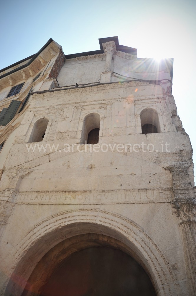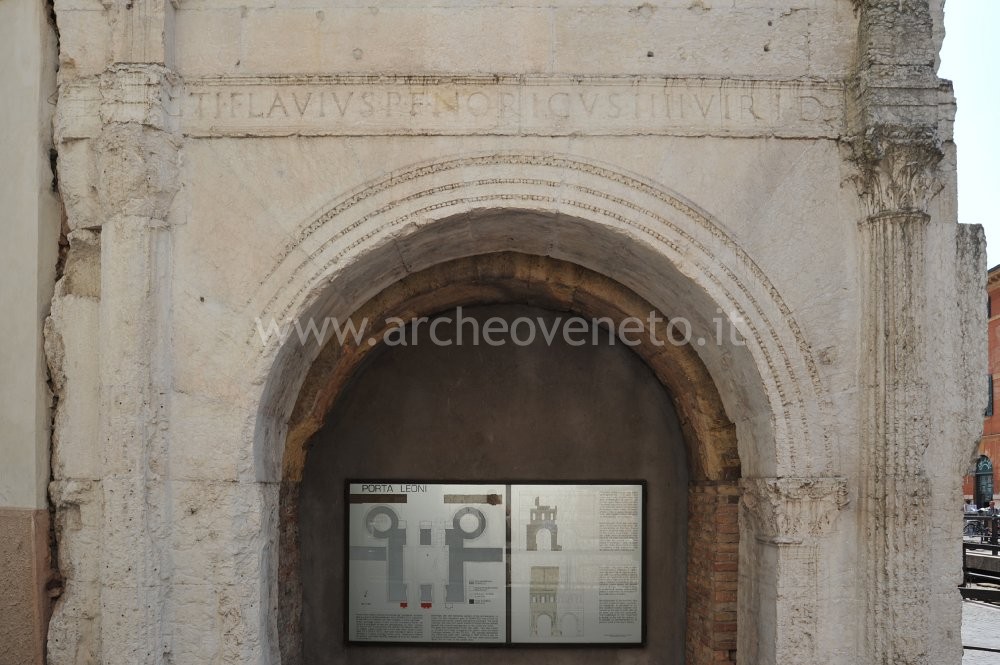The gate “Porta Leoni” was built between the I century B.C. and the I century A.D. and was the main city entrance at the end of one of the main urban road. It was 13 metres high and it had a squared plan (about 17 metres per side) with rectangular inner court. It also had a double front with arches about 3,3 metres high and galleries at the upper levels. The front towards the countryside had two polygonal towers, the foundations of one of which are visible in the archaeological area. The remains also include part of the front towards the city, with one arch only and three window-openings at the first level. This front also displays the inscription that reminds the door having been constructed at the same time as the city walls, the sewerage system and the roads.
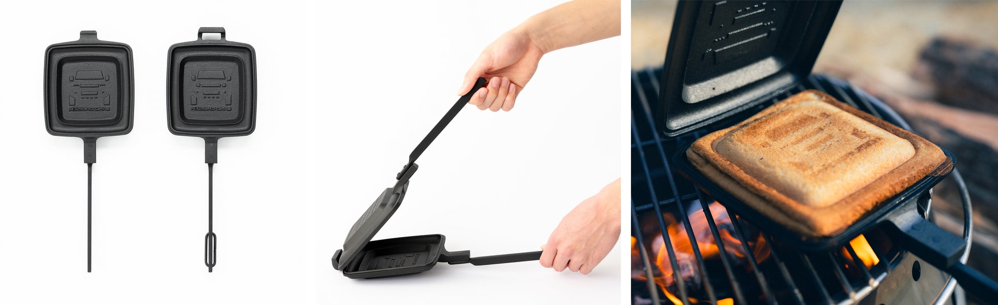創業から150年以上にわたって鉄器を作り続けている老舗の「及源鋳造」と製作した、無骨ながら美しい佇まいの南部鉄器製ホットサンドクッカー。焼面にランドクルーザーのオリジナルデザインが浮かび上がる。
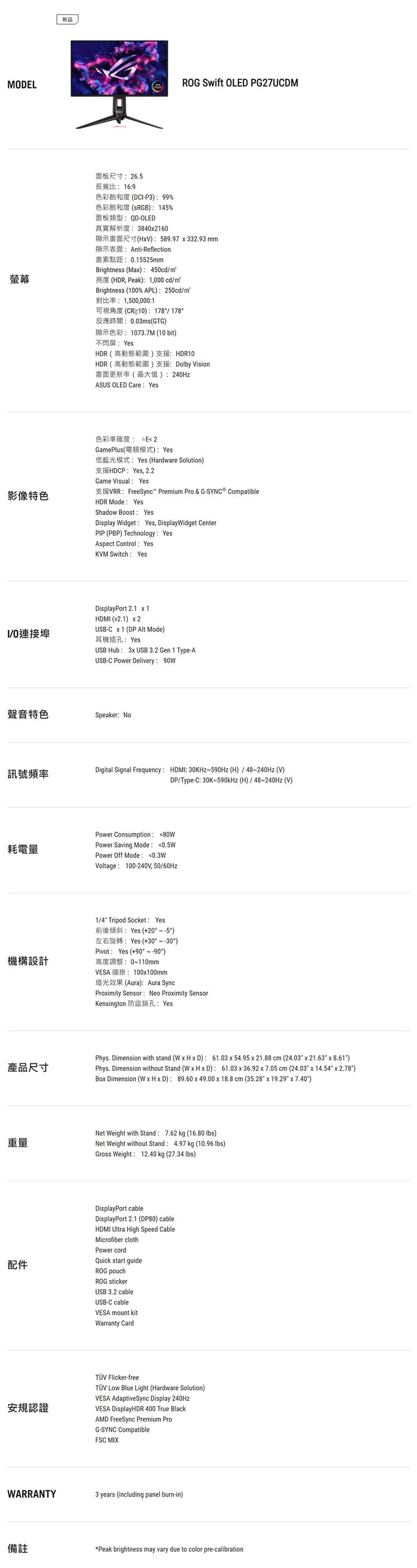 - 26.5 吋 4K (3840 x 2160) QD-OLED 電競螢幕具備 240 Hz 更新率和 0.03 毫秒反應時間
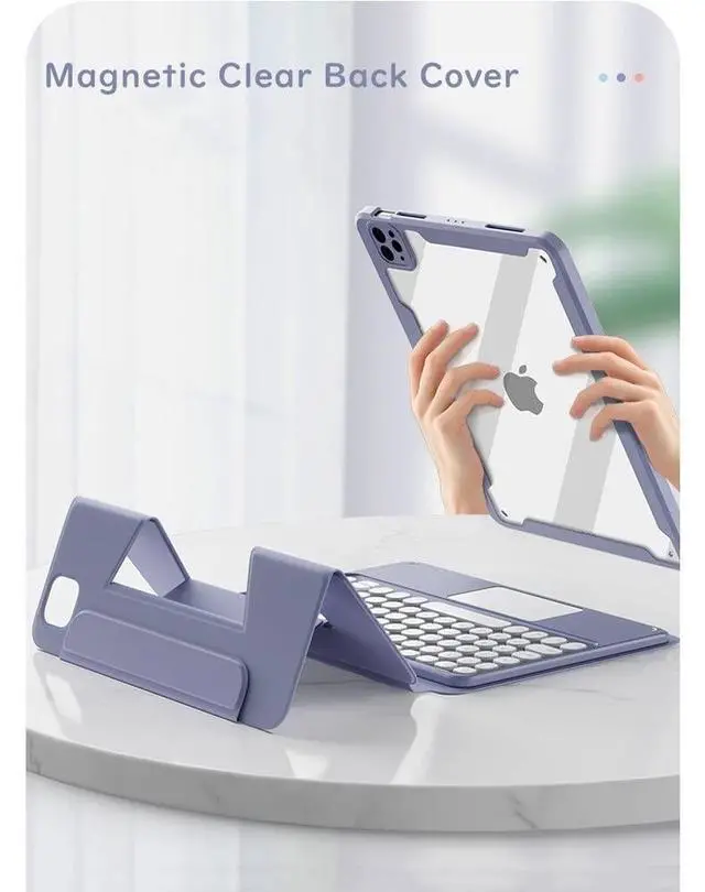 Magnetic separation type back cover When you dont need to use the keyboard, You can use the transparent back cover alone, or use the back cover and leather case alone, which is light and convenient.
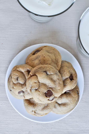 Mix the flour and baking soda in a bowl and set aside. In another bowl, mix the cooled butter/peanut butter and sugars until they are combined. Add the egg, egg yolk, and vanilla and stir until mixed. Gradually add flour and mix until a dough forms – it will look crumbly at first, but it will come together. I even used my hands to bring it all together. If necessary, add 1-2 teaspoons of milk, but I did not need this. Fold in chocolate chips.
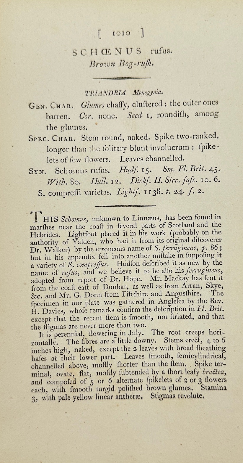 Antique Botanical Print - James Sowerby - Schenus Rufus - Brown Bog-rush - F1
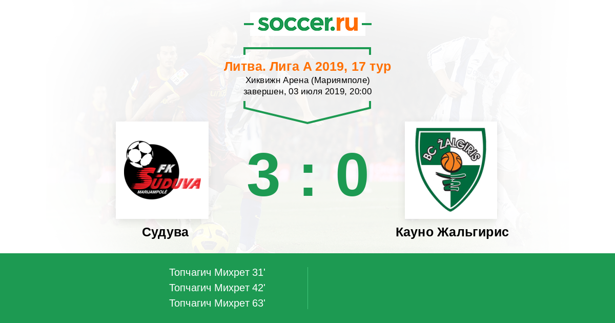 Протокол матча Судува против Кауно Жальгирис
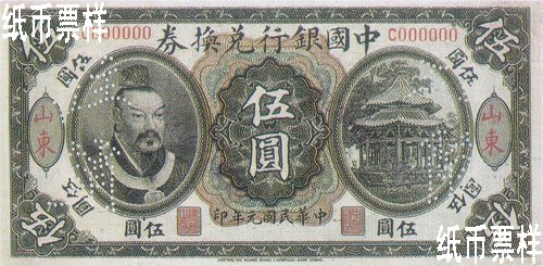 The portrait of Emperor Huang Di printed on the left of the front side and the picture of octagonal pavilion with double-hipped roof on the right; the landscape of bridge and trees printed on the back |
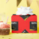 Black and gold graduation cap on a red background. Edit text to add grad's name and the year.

━━━

About this task -
Down to the last line, set down the data above exactly, and omit all images.

Answer -
The gate “Porta Leoni” was built between the I century B.C. and the I century A.D. and was the main city entrance at the end of one of the main urban road. It was 13 metres high and it had a squared plan (about 17 metres per side) with rectangular inner court. It also had a double front with arches about 3,3 metres high and galleries at the upper levels. The front towards the countryside had two polygonal towers, the foundations of one of which are visible in the archaeological area. The remains also include part of the front towards the city, with one arch only and three window-openings at the first level. This front also displays the inscription that reminds the door having been constructed at the same time as the city walls, the sewerage system and the roads.
創業から150年以上にわたって鉄器を作り続けている老舗の「及源鋳造」と製作した、無骨ながら美しい佇まいの南部鉄器製ホットサンドクッカー。焼面にランドクルーザーのオリジナルデザインが浮かび上がる。
 - 26.5 吋 4K (3840 x 2160) QD-OLED 電競螢幕具備 240 Hz 更新率和 0.03 毫秒反應時間
 Magnetic separation type back cover When you dont need to use the keyboard, You can use the transparent back cover alone, or use the back cover and leather case alone, which is light and convenient.
 Mix the flour and baking soda in a bowl and set aside. In another bowl, mix the cooled butter/peanut butter and sugars until they are combined. Add the egg, egg yolk, and vanilla and stir until mixed. Gradually add flour and mix until a dough forms – it will look crumbly at first, but it will come together. I even used my hands to bring it all together. If necessary, add 1-2 teaspoons of milk, but I did not need this. Fold in chocolate chips.
 Antique Botanical Print - James Sowerby - Schenus Rufus - Brown Bog-rush - F1
 Протокол матча Судува против Кауно Жальгирис
 The portrait of Emperor Huang Di printed on the left of the front side and the picture of octagonal pavilion with double-hipped roof on the right; the landscape of bridge and trees printed on the back |
 Black and gold graduation cap on a red background. Edit text to add grad's name and the year.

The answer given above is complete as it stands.